YOUR TASK
Once you reach the line that holds "72822342 Chicago Illinois" in the listing below, output it and every line after it through the line that holds "Rasteirinha infantil em", word for word.

[Start of Attachment]

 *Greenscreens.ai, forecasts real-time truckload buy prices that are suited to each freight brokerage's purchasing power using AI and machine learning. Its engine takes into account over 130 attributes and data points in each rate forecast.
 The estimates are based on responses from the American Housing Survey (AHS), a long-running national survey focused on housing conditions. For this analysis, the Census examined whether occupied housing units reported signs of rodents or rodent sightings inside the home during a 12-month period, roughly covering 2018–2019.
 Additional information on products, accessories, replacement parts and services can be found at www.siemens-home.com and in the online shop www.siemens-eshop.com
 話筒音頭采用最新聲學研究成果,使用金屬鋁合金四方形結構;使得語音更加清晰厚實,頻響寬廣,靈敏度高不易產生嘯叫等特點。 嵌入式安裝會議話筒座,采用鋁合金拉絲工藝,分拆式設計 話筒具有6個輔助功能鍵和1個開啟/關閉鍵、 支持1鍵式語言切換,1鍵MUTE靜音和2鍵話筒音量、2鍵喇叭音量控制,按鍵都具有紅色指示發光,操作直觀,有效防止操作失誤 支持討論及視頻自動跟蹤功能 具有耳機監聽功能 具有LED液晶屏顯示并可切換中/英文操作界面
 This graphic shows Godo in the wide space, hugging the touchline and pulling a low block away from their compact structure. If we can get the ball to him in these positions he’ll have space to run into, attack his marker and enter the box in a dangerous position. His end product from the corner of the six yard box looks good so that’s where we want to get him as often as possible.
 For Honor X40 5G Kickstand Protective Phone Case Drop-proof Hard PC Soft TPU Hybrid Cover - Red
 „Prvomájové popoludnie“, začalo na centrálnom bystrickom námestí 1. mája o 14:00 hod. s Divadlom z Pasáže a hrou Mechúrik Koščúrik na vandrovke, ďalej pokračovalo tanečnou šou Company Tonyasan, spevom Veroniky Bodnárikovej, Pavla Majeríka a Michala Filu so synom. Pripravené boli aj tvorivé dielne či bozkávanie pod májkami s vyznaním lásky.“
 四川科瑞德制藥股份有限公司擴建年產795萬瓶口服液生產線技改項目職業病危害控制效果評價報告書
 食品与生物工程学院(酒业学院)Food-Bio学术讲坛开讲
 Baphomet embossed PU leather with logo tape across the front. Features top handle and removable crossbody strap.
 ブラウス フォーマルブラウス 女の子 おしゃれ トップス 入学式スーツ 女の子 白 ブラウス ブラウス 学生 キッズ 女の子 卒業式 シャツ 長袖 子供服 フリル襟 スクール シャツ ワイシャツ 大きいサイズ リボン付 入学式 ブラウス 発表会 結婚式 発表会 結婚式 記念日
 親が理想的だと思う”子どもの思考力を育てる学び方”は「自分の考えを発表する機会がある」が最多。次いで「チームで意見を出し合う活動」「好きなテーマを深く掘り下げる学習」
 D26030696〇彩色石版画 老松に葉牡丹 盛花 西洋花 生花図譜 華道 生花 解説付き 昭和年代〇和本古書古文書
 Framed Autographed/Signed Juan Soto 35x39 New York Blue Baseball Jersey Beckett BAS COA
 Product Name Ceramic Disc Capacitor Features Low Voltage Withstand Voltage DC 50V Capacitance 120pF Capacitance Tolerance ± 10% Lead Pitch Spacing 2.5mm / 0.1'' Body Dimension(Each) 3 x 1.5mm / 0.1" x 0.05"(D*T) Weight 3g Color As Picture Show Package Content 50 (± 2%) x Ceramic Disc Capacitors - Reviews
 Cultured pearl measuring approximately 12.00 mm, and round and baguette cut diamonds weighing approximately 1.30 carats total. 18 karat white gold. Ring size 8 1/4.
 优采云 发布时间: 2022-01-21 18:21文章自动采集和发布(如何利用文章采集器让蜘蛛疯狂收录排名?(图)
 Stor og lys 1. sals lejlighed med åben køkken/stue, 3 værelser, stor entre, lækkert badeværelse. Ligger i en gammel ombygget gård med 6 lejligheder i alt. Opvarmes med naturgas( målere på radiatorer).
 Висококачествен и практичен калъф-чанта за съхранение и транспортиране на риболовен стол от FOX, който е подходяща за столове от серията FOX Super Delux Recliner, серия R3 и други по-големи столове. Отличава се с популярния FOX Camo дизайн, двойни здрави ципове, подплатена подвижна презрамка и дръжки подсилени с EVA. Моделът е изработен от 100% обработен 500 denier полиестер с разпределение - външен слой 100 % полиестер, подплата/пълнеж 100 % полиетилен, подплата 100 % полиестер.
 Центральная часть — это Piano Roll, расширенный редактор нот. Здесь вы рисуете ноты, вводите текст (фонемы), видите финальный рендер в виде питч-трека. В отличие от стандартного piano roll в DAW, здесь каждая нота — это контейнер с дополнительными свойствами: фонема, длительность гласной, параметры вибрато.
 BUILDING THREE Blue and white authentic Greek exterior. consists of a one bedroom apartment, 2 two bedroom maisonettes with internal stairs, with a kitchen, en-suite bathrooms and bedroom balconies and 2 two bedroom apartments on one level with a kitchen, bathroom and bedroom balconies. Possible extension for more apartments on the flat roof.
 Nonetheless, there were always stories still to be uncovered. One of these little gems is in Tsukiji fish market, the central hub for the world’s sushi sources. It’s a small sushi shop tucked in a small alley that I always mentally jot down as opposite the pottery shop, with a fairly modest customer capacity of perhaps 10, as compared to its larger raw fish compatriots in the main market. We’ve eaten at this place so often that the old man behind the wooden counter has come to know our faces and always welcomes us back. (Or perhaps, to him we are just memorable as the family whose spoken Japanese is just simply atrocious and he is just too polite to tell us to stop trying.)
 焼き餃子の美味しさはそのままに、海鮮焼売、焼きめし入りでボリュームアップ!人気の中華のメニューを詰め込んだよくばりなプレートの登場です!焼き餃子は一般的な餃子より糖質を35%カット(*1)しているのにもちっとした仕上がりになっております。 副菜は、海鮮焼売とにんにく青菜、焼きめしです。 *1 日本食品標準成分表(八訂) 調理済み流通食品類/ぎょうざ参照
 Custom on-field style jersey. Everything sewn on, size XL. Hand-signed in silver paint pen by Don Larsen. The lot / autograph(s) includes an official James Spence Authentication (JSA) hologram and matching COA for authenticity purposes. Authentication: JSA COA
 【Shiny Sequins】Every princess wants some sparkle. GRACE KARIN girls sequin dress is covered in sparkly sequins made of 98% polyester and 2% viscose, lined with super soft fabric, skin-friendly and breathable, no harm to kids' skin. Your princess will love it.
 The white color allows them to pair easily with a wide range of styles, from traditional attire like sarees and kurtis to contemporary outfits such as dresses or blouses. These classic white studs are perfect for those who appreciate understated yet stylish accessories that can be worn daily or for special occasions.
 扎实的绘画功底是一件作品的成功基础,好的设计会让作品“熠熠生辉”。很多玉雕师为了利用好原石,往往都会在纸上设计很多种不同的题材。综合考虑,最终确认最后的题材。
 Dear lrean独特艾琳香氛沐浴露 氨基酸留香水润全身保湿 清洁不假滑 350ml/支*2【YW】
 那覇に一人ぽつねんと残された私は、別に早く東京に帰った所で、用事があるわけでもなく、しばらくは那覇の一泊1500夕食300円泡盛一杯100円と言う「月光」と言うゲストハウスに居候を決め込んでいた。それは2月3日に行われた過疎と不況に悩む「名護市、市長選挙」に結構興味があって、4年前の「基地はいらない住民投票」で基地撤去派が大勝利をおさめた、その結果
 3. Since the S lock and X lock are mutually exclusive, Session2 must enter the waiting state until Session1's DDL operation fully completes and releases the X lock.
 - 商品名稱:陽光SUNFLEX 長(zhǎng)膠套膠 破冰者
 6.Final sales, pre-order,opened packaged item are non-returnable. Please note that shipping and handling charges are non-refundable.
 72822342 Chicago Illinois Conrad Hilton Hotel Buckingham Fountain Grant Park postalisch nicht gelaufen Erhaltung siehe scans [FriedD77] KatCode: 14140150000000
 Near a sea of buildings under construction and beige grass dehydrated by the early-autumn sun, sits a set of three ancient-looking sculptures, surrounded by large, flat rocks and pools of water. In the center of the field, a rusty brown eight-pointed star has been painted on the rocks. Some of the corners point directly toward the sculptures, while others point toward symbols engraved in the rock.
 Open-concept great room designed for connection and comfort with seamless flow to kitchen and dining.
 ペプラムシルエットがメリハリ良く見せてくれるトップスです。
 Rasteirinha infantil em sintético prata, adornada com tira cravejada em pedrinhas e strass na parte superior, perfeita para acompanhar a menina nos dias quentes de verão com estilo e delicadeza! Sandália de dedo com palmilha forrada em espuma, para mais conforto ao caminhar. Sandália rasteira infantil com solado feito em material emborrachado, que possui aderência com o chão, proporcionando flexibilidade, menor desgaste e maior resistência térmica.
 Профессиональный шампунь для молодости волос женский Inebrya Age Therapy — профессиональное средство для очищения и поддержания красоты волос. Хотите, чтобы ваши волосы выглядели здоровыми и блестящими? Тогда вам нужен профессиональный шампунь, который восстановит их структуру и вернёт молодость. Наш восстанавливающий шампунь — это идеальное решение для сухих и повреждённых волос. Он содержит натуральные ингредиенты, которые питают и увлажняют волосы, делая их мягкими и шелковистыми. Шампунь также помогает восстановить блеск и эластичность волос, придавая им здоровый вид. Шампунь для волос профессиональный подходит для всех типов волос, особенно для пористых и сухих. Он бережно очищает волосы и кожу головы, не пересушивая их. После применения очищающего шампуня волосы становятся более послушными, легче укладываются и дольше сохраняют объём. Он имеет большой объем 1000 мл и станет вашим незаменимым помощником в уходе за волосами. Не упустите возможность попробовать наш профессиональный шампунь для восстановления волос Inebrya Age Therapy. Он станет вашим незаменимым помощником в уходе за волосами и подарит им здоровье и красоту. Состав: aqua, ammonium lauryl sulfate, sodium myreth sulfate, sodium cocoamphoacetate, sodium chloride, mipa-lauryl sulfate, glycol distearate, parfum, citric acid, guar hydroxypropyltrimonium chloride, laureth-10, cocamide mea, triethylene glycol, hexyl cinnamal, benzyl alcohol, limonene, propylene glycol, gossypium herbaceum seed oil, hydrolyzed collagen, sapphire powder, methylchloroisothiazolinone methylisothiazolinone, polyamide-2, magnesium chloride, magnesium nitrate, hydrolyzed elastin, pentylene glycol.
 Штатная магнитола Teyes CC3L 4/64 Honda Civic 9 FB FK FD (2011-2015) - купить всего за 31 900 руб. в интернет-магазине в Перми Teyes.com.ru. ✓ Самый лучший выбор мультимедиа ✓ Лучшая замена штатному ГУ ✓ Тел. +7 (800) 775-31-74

[End of Attachment]

TASK ANSWER
 72822342 Chicago Illinois Conrad Hilton Hotel Buckingham Fountain Grant Park postalisch nicht gelaufen Erhaltung siehe scans [FriedD77] KatCode: 14140150000000
 Near a sea of buildings under construction and beige grass dehydrated by the early-autumn sun, sits a set of three ancient-looking sculptures, surrounded by large, flat rocks and pools of water. In the center of the field, a rusty brown eight-pointed star has been painted on the rocks. Some of the corners point directly toward the sculptures, while others point toward symbols engraved in the rock.
 Open-concept great room designed for connection and comfort with seamless flow to kitchen and dining.
 ペプラムシルエットがメリハリ良く見せてくれるトップスです。
 Rasteirinha infantil em sintético prata, adornada com tira cravejada em pedrinhas e strass na parte superior, perfeita para acompanhar a menina nos dias quentes de verão com estilo e delicadeza! Sandália de dedo com palmilha forrada em espuma, para mais conforto ao caminhar. Sandália rasteira infantil com solado feito em material emborrachado, que possui aderência com o chão, proporcionando flexibilidade, menor desgaste e maior resistência térmica.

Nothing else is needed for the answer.